• _DATA PROVIDED_:
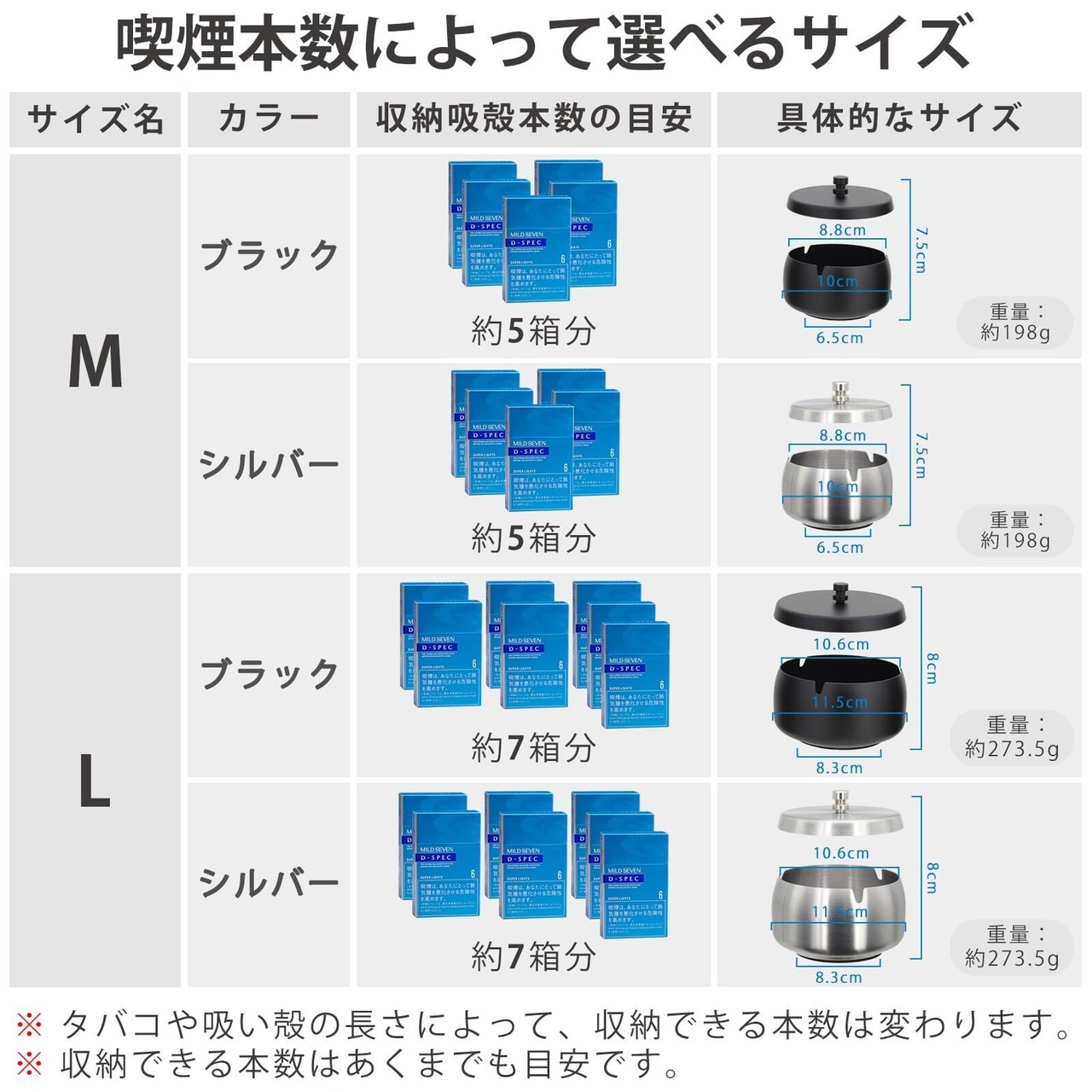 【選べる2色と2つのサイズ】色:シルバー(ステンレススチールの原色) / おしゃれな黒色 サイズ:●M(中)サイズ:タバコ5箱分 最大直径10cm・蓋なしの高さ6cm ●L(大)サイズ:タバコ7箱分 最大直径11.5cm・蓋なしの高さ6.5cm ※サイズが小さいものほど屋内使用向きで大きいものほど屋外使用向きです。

...

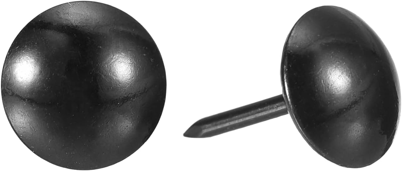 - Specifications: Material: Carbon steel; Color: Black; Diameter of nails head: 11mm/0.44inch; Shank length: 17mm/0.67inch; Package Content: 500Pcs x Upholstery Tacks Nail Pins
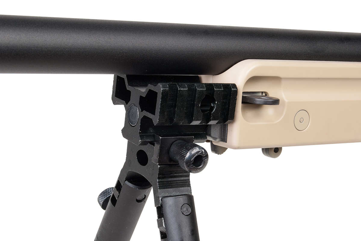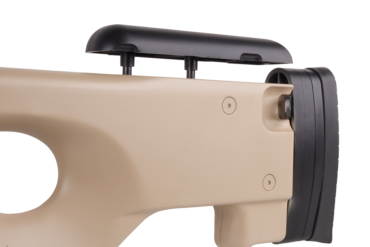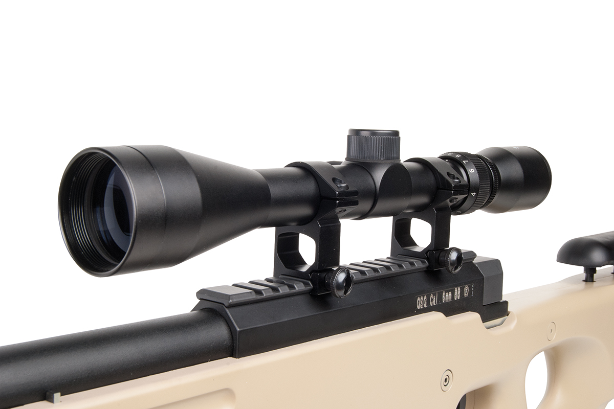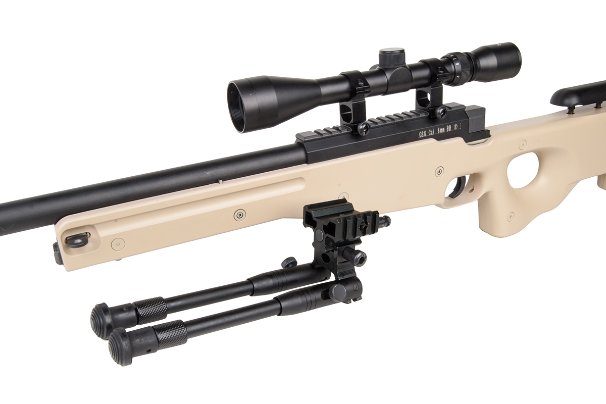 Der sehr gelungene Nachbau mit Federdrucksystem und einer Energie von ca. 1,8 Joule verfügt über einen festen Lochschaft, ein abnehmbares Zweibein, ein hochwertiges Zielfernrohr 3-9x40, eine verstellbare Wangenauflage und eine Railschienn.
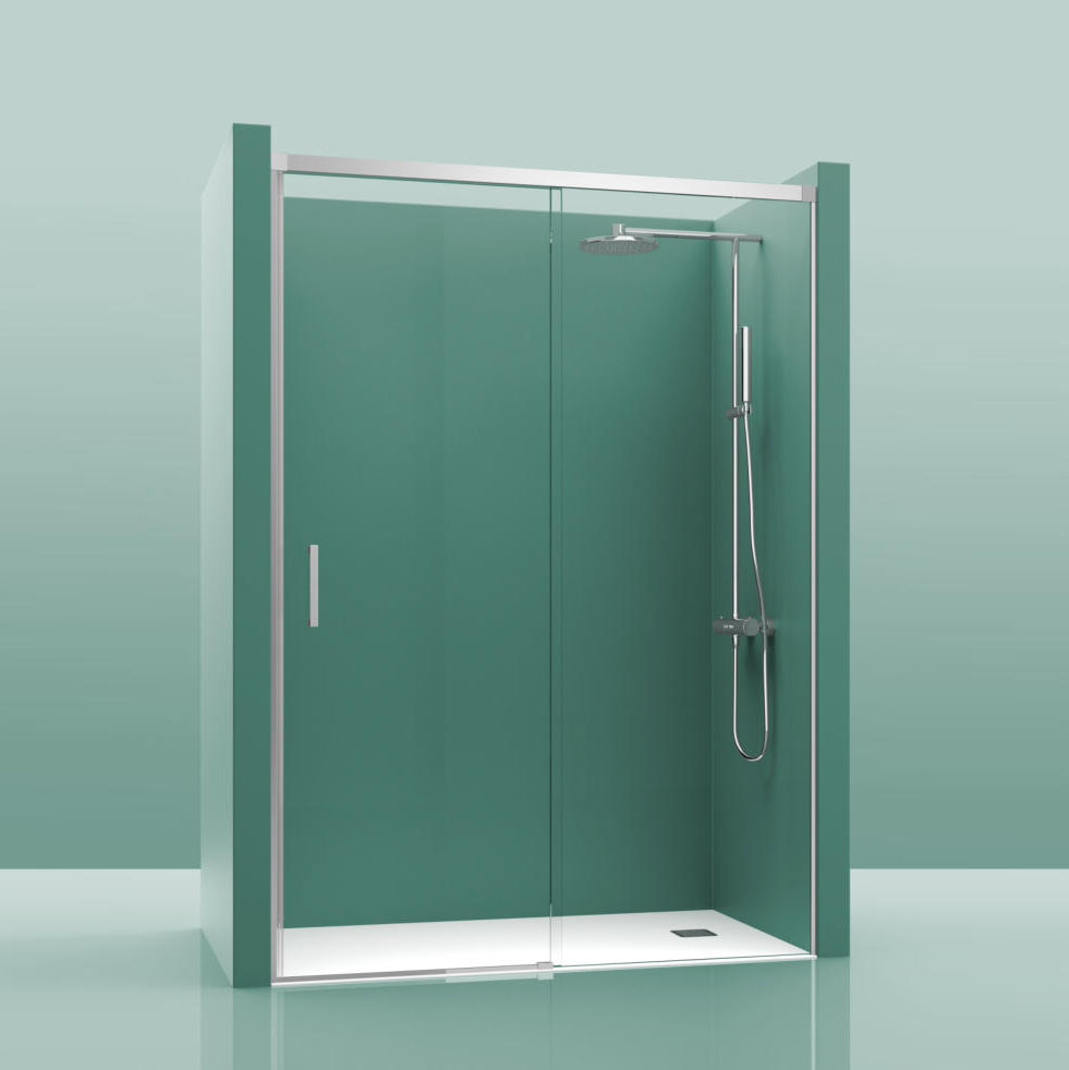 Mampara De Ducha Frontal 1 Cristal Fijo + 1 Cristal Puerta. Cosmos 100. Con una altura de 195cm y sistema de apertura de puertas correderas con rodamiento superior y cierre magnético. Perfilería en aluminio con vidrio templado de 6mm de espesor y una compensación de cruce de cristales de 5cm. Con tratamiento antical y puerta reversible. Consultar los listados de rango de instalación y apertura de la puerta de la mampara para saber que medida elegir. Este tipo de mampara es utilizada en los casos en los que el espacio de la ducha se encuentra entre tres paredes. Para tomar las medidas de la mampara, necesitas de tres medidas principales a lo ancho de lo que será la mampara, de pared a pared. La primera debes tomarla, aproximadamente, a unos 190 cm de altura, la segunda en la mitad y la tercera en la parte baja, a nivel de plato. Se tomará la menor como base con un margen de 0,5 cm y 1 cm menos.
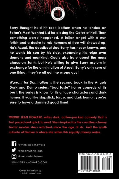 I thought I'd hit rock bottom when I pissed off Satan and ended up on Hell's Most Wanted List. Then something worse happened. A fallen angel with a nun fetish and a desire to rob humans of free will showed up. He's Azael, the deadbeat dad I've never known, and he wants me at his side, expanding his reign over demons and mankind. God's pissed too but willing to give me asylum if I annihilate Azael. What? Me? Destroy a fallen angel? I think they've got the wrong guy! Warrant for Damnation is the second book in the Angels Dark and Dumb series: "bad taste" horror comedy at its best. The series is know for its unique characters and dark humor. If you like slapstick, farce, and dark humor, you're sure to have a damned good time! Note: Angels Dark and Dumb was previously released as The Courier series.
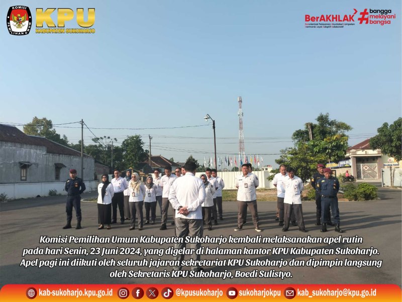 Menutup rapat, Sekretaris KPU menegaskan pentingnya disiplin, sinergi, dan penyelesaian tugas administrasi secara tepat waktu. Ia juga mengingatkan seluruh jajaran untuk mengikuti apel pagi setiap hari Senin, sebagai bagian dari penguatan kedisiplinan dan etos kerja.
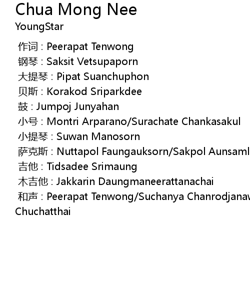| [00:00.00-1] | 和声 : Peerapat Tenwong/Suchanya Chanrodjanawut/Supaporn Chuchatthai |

• _WHAT YOU HAVE TO DO_:
With the pictures omitted, copy the entries above exactly from the line containing "- Specifications: Material: Carbon" through the line containing "Der sehr gelungene", both lines included.

• _RESPONSE BELOW_:
 - Specifications: Material: Carbon steel; Color: Black; Diameter of nails head: 11mm/0.44inch; Shank length: 17mm/0.67inch; Package Content: 500Pcs x Upholstery Tacks Nail Pins
 Der sehr gelungene Nachbau mit Federdrucksystem und einer Energie von ca. 1,8 Joule verfügt über einen festen Lochschaft, ein abnehmbares Zweibein, ein hochwertiges Zielfernrohr 3-9x40, eine verstellbare Wangenauflage und eine Railschienn.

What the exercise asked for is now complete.